On Wed, Jan 18, 2023 at 1:34 AM Andres Freund <andres@anarazel.de> wrote:
>
> On 2023-01-17 06:23:45 +0530, Amit Kapila wrote:
>
> > There is an analysis of the test
> > failure in the email [2] which explains the race condition that leads
> > to test failure. Thinking again about the failure, I feel we can
> > instead change the failed test (t/004_sync.pl) to either ensure that
> > both the walsenders (corresponding to sync worker and apply worker)

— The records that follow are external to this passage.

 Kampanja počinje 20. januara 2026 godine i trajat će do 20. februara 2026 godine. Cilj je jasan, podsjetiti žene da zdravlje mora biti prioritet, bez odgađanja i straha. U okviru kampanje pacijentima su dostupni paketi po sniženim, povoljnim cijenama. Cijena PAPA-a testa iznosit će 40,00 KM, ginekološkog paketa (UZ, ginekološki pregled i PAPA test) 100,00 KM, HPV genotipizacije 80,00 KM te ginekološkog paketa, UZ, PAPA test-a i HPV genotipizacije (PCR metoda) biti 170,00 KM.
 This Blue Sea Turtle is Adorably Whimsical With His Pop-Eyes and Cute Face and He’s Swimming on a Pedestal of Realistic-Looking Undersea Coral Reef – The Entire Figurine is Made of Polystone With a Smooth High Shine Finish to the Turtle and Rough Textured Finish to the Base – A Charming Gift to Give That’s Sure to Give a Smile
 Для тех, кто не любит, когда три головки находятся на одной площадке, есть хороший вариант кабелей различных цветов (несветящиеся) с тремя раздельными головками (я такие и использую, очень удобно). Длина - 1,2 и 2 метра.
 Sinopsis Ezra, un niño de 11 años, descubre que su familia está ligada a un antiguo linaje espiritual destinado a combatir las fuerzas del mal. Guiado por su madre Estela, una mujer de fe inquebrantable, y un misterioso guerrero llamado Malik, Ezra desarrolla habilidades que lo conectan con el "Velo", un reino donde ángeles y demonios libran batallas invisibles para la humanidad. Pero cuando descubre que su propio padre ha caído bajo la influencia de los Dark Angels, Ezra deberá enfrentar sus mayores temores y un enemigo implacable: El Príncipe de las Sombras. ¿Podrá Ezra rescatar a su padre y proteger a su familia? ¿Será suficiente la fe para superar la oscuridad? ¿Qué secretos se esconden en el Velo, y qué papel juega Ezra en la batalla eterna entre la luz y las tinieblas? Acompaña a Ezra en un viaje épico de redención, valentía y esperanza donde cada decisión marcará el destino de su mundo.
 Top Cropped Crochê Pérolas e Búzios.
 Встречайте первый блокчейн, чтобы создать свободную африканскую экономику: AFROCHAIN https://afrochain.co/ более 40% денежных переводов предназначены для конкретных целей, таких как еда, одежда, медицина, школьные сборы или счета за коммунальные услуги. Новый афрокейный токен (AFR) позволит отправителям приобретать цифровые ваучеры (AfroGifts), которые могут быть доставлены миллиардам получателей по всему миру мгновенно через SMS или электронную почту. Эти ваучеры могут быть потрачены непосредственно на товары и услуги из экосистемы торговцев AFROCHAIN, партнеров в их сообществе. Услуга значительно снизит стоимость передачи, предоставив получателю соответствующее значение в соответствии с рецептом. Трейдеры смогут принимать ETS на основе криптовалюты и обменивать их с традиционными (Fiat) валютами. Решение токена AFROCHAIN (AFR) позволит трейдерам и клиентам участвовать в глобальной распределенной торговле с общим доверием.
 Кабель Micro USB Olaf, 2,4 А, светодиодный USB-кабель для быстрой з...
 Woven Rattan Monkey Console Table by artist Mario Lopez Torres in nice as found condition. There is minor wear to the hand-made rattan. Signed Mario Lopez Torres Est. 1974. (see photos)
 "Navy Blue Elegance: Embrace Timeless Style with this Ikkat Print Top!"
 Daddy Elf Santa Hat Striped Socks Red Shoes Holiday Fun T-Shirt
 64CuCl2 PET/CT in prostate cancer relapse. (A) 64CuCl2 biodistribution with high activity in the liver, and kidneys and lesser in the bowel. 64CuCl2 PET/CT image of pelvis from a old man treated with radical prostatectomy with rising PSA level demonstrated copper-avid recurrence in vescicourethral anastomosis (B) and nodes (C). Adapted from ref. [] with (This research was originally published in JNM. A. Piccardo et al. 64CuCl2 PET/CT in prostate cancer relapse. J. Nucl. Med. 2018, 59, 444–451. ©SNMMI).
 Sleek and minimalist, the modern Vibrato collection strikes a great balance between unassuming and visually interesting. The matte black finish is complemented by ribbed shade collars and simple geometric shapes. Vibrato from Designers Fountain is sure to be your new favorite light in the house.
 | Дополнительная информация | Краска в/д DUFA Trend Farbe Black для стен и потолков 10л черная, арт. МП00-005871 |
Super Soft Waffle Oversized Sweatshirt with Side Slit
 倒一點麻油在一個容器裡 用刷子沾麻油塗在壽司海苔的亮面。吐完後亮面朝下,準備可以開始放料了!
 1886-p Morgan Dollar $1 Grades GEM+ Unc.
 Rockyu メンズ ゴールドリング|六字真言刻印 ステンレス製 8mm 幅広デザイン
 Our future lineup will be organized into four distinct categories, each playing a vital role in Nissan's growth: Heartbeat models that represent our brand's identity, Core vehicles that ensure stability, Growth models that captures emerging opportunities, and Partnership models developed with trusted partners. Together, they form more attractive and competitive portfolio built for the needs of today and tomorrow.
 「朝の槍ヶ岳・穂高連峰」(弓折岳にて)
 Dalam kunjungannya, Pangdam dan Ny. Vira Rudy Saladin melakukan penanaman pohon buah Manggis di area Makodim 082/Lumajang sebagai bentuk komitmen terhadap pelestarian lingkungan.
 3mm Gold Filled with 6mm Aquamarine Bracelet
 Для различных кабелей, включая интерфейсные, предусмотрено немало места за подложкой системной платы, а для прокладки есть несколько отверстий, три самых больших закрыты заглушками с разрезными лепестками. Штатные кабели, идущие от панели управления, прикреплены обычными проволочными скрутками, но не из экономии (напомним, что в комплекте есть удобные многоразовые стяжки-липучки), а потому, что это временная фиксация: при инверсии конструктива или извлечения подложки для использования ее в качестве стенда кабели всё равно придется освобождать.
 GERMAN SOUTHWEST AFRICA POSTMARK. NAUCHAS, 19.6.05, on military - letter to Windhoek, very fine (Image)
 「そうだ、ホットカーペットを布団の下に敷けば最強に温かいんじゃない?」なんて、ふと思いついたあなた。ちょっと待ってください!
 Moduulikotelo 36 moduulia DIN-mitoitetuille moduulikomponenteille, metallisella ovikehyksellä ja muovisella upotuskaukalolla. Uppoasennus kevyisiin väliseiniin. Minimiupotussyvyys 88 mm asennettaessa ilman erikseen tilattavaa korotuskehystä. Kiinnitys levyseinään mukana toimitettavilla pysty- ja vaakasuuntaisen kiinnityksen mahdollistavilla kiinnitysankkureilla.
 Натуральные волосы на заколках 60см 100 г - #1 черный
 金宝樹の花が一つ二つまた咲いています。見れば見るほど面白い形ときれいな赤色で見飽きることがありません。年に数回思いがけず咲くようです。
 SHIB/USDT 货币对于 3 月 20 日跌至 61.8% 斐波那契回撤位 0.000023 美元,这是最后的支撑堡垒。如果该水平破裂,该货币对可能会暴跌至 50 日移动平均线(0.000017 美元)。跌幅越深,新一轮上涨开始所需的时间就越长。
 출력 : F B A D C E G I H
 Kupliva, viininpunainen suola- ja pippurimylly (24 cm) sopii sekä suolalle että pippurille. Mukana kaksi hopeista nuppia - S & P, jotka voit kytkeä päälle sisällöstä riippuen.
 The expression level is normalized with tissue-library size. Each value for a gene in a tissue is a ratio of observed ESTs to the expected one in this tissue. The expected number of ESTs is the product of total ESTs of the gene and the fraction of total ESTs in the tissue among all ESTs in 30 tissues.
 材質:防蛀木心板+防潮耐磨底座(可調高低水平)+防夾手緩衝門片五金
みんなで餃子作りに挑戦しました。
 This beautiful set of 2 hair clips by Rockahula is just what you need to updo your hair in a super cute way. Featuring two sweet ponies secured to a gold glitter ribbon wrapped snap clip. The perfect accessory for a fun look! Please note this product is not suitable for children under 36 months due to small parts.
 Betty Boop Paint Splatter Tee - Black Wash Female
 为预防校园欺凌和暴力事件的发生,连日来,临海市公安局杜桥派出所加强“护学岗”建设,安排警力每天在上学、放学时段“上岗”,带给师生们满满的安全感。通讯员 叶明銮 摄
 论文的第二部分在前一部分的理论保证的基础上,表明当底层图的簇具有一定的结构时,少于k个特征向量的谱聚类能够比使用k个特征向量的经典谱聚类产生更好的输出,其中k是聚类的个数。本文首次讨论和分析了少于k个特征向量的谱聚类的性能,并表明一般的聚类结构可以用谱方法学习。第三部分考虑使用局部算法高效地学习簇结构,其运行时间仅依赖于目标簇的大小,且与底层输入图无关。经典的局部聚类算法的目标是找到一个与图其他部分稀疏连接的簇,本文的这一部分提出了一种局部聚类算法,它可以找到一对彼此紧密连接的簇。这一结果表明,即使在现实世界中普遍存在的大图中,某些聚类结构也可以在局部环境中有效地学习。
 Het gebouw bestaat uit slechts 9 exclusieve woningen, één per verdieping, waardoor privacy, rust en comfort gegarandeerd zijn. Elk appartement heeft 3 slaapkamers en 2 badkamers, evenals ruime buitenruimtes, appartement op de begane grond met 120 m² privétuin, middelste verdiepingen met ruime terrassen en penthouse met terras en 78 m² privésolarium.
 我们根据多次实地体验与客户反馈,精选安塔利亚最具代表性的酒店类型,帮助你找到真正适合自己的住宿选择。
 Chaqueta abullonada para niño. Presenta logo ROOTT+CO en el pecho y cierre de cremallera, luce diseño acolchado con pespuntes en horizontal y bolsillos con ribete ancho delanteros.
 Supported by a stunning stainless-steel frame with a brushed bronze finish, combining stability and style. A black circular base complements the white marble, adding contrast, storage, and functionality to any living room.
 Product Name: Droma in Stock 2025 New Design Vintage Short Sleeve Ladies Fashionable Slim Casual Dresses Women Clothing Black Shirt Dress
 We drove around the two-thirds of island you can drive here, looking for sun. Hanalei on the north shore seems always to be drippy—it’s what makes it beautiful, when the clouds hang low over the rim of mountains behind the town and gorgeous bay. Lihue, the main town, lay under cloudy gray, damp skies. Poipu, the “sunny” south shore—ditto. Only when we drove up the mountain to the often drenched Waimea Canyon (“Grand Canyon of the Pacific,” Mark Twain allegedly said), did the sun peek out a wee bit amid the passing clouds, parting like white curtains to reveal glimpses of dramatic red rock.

> > exits after dropping the subscription and before checking the
> > remaining slots on publisher or wait for slots to become zero in the
> > test.
>
> How about waiting for the table to start to be synced (and thus the slot to be
> created) before issuing the drop subscription?
>
In this test [1], the initial sync fails due to a unique constraint
violation, so checking that the sync has started is a bit tricky. We
can probably check sync_error_count in pg_stat_subscription_stats to
ensure that sync has started to fail which will ideally ensure that
the sync has started. I am not sure this would be completely safe. The
other possible ways are (a) after creating a subscription, wait for
two slots to get created in the publisher, and then after dropping
subscription wait for slots to become zero on the publisher; (b) after
dropping the subscription, wait for slots to become zero.
I think one of (a) or (b) will work.
[1]
# Table tap_rep already has the same records on both publisher and subscriber
# at this time. Recreate the subscription which will do the initial copy of
# the table again and fails due to unique constraint violation.
$node_subscriber->safe_psql('postgres',
"CREATE SUBSCRIPTION tap_sub CONNECTION '$publisher_connstr'
PUBLICATION tap_pub"
);
...
...
--
With Regards,
Amit Kapila.